Key Challenge: Optimizing the quality of "intermediate thinking steps" (rather than just final action correctness) without paying the high cost of manual step-level PRM annotation.
Goal: Achieve fine-grained preference optimization for the entire thinking process of mobile GUI agents without PRMs or manual step-level labels, while mitigating overfitting during the warm-up SFT stage.

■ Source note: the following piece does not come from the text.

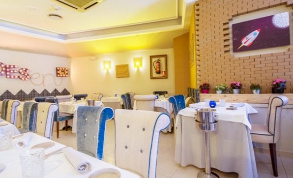 Elegante y luminoso salón con toques desenfadados donde preparan menús degustación gourmet de mercado.

Core Idea: Replace PRMs with rule-based rewards. Each action is expanded into a CoaT-tree where leaf nodes (complete actions) are scored against ground truth via rules. Scores are backpropagated to intermediate steps to automatically construct thinking-level DPO pairs. Simultaneously, GPT-4o three-stage instruction evolution is used to inject diverse Q&A during SFT to prevent overfitting and enhance UI understanding.
Method¶
Overall Architecture¶
MobileIPL consists of three stages: first, warm-up SFT using mixed data augmented by "instruction evolution" to obtain a seed policy; second, iterative sampling for each action to build a CoaT-tree, scoring leaf nodes with rule rewards and backpropagating values to intermediate steps; finally, filtering contrastive pairs from the tree for Thinking-level DPO self-training, using the updated agent as a new base for further iterations until performance plateaus.
flowchart LR
A[General VLM] --> B[Instruction Evolution<br/>GPT-4o 3-stage Q&A]
B --> C[Warm-up SFT<br/>Mixed T+Q for Seed Policy πS0]
C --> D[CoaT-tree Iterative Sampling<br/>K continuations per step]
D --> E[Leaf Rule Reward v·st·<br/>+ Backpropagation]
E --> F[Contrastive Data Filtering<br/>α/β/γ Classification for DPO Pairs]
F --> G[Thinking-level DPO Training]
G -->|Update agent as new base| D
Key Designs¶
1. Multi-turn Thinking Modeling: Decomposing one action into four dialogue turns. The authors formalize each action \(\hat{a}_i\) in CoaT reasoning as a multi-turn dialogue \(\hat{a}_i=[s_1,s_2,s_3,s_4]\), corresponding to Description, Thought, Action decision, and Grounding respectively, where \(s_1=\text{Description}(P_1,u_i)\), \(s_2=\text{Thought}(P_2,u_i,I,\hat{a}_{0:i-1},s_1)\), \(s_3=\text{Action}(\cdot)\), and \(s_4=\text{Grounding}(\cdot)\). The motivation is practical: when a model decodes a full reasoning segment at once, the image modality \(u\) occupies most input tokens, overshadowing text instructions \(I\) and action history, which shifts attention away from text details. Multi-turn dialogue forces each step to focus on the current reasoning sub-task, balancing multimodal token ratios and ensuring format-compliant outputs.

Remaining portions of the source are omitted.